• Assignment: Return all of the data verbatim, dropping any picture.

Input data Block Start

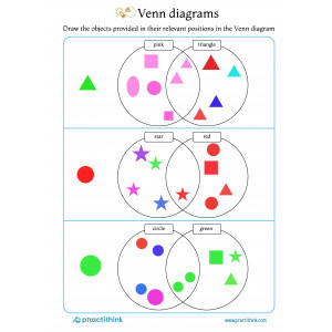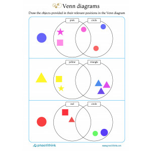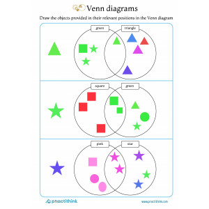 Our printables provide a set of tasks on each page. Children need to draw the objects in a Venn Diagram according to the sort criteria.
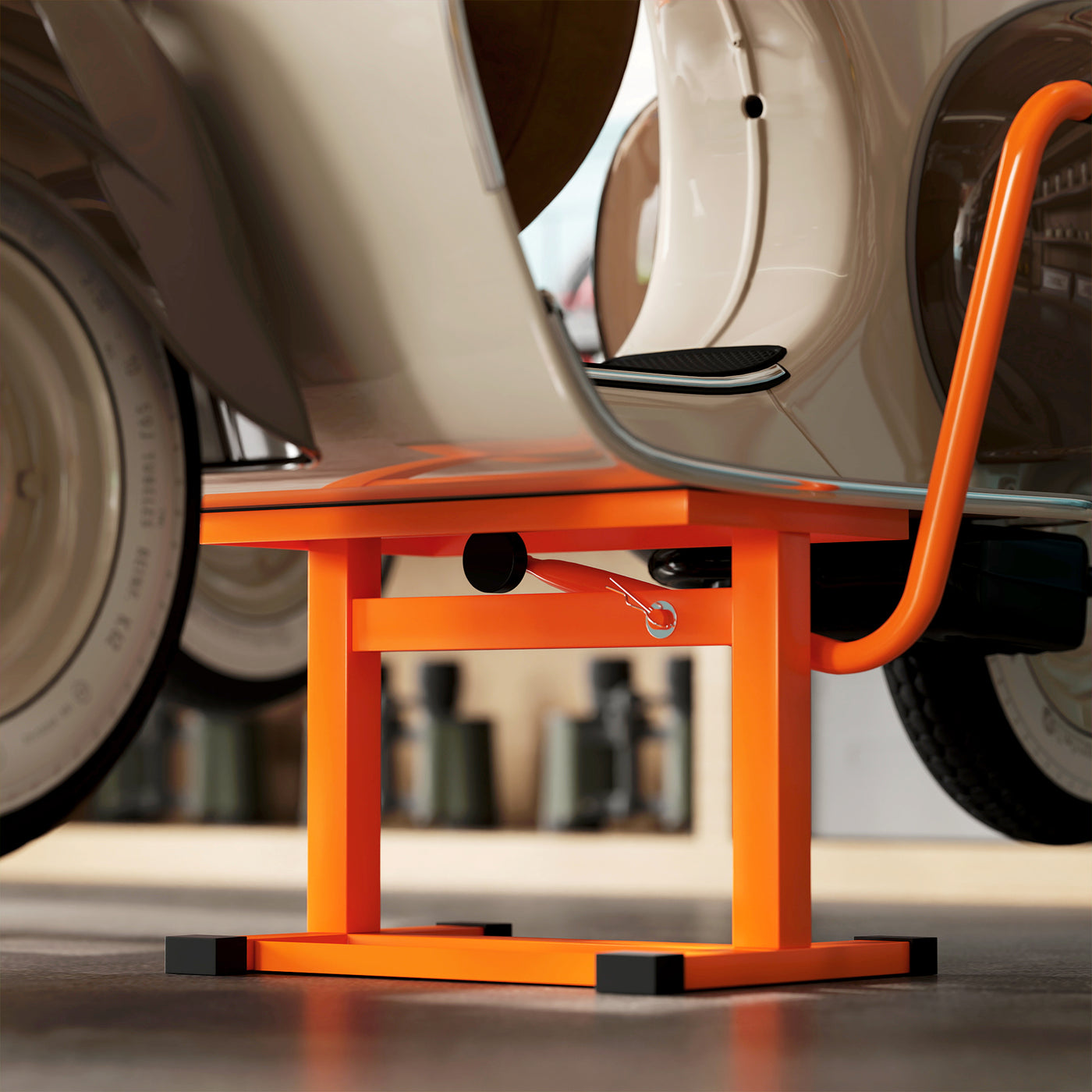 Repair your motorbike safely and easily every time with this motorcycle stand from DURHAND. Made from steel, the frame is tough and robust, with its square shape making it a universal piece for all motorcycles and can handle up to 150 kg. The lift handle cranks up the platform between 39-46cm to allow you to get underneath safely and easily. It's finished with a rubber top for friction against your bike to prevent it moving around. Great for keeping your beloved bike performing at its great.
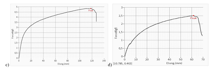 Figure 4 c) The average tensile strength and elongation at break of the experimental results obtained for the width of the H2 nonwoven fabric, d) the width of the nonwoven fabric.
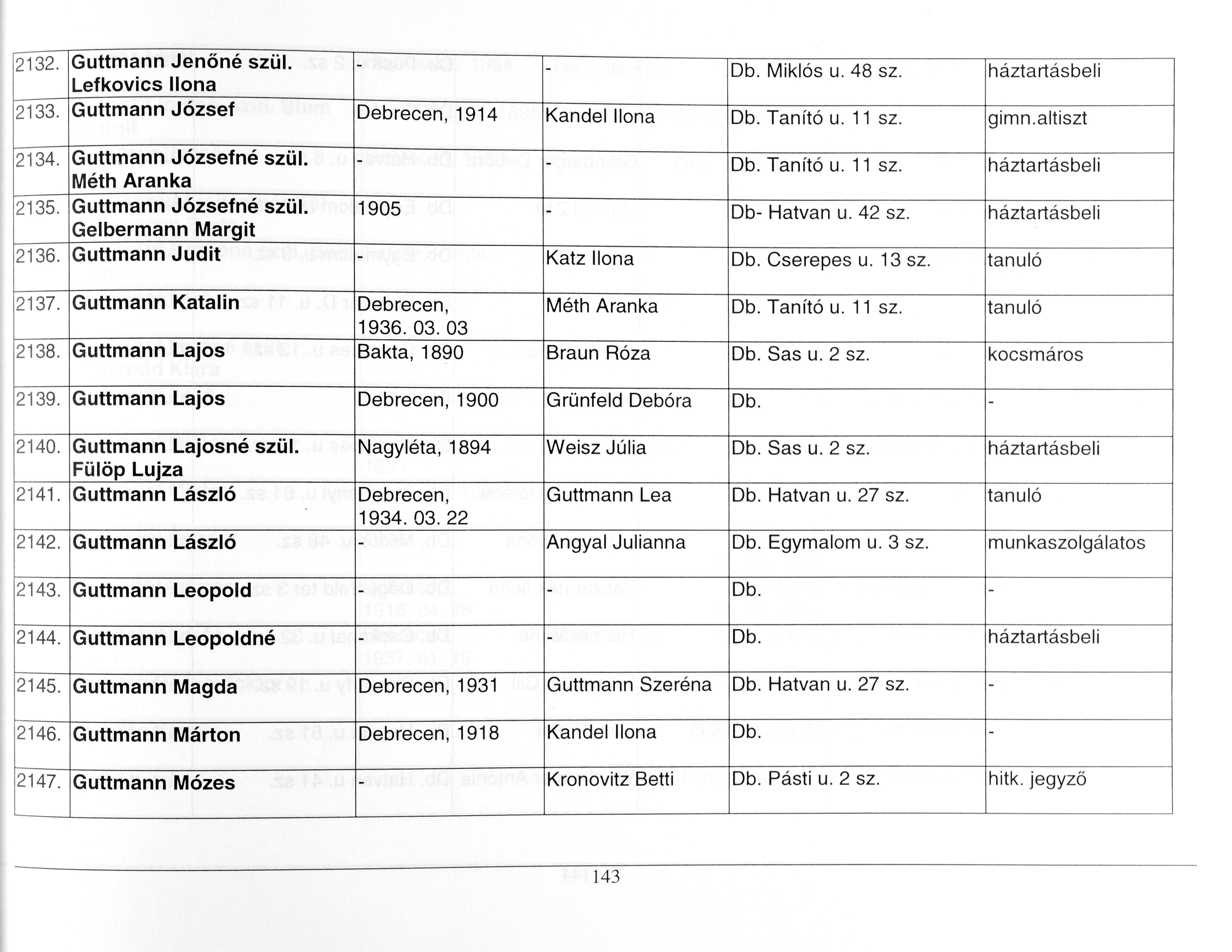 רשימת יהודים מ-Debrecen שנרצחו בשואה ויהודים שניצלו, מתוך ספר זכרון

Input data Block End

• Final answer:
 Our printables provide a set of tasks on each page. Children need to draw the objects in a Venn Diagram according to the sort criteria.
 Repair your motorbike safely and easily every time with this motorcycle stand from DURHAND. Made from steel, the frame is tough and robust, with its square shape making it a universal piece for all motorcycles and can handle up to 150 kg. The lift handle cranks up the platform between 39-46cm to allow you to get underneath safely and easily. It's finished with a rubber top for friction against your bike to prevent it moving around. Great for keeping your beloved bike performing at its great.
 Figure 4 c) The average tensile strength and elongation at break of the experimental results obtained for the width of the H2 nonwoven fabric, d) the width of the nonwoven fabric.
 רשימת יהודים מ-Debrecen שנרצחו בשואה ויהודים שניצלו, מתוך ספר זכרון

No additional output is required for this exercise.